日本語AIでPubMedを検索
真菌の鉄キレート剤デスフェリコプロゲンが動脈硬化性プラーク形成を抑制する
The Fungal Iron Chelator Desferricoprogen Inhibits Atherosclerotic Plaque Formation.
PMID: 32635347 DOI: 10.3390/ijms21134746.
抄録
ヘモグロビン、ヘム、鉄は動脈硬化の進行に関与している。そこで、疎水性の真菌類の鉄キレート剤シデロフォアであるデスフェリリコプロゲン(DFC)が動脈硬化を抑制するかどうかを調べた。DFCは、アテローム性食餌を摂取したApoEマウスの動脈硬化性プラーク形成を減少させた。DFCは酸化LDL(oxLDL)の血漿中濃度を低下させ、大動脈根の脂質過酸化を抑制した。コラーゲン/エラスチン含量の上昇と接着分子VCAM-1の発現亢進が減少した。DFCは低密度リポタンパク質(LDL)やプラーク脂質の酸化を減少させた。発泡細胞の形成、マクロファージによるoxLDLの取り込み、CD36のアップレギュレーション、およびTNF-αの発現増加は、マクロファージにおけるDFCによって減少した。また、TNFをトリガーとした内皮細胞の活性化(血管細胞接着分子-1(VCAM-1)、細胞間接着分子(ICAM)、E-selectin)や単球の内皮への接着の亢進が抑制された。また、TNF-αによって誘発される内皮透過性の亢進や細胞内ギャップ形成もDFCによって抑制された。致死量のoxLDLを投与した場合、DFCは内皮細胞およびマクロファージの細胞保護剤として作用し、ストレス応答性ヘムオキシゲナーゼ-1の発現をサブ致死量で低下させた。その結果、鉄で飽和させると効果が消失することが明らかになった。本研究では、DFCがApoEマウスの大動脈のアテローム内に蓄積することを明らかにした。DFCはアテローム性動脈硬化の進行を抑制する新しい治療法である。

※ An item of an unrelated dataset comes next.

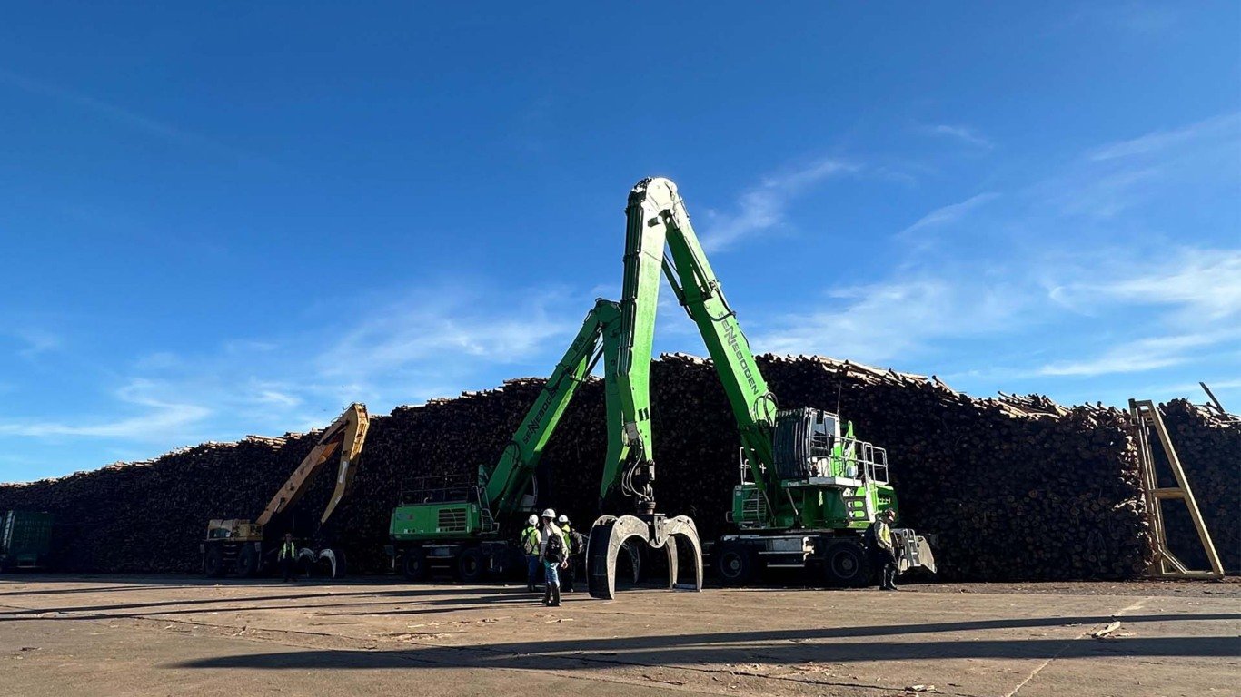 A colheita é totalmente mecanizada, com dois tipos de máquinas, as harvesters (que derrubam as árvores no campo e tiram a casca delas) e as forresters, que pegam esses troncos e transportam de um ponto a outro nas fazendas.
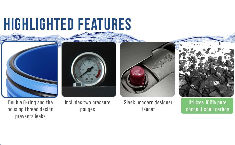 - Stage 2 & 3: The dual carbon blocks effectively removes up to 99% of chlorine and reduces pesticides, benzene, radon, VOCs, THMs, foul taste & odor and other impurities commonly found in tap water.

Hemoglobin, heme and iron are implicated in the progression of atherosclerosis. Therefore, we investigated whether the hydrophobic fungal iron chelator siderophore, desferricoprogen (DFC) inhibits atherosclerosis. DFC reduced atherosclerotic plaque formation in ApoE mice on an atherogenic diet. It lowered the plasma level of oxidized LDL (oxLDL) and inhibited lipid peroxidation in aortic roots. The elevated collagen/elastin content and enhanced expression of adhesion molecule VCAM-1 were decreased. DFC diminished oxidation of Low-density Lipoprotein (LDL) and plaque lipids catalyzed by heme or hemoglobin. Formation of foam cells, uptake of oxLDL by macrophages, upregulation of CD36 and increased expression of TNF-α were reduced by DFC in macrophages. TNF-triggered endothelial cell activation (vascular cell adhesion molecule-1 (VCAM-1), intercellular adhesion molecules (ICAMs), E-selectin) and increased adhesion of monocytes to endothelium were attenuated. The increased endothelial permeability and intracellular gap formation provoked by TNF-α was also prevented by DFC. DFC acted as a cytoprotectant in endothelial cells and macrophages challenged with a lethal dose of oxLDL and lowered the expression of stress-responsive heme oxygenase-1 as sublethal dose was employed. Saturation of desferrisiderophore with iron led to the loss of the beneficial effects. We demonstrated that DFC accumulated within the atheromas of the aorta in ApoE mice. DFC represents a novel therapeutic approach to control the progression of atherosclerosis.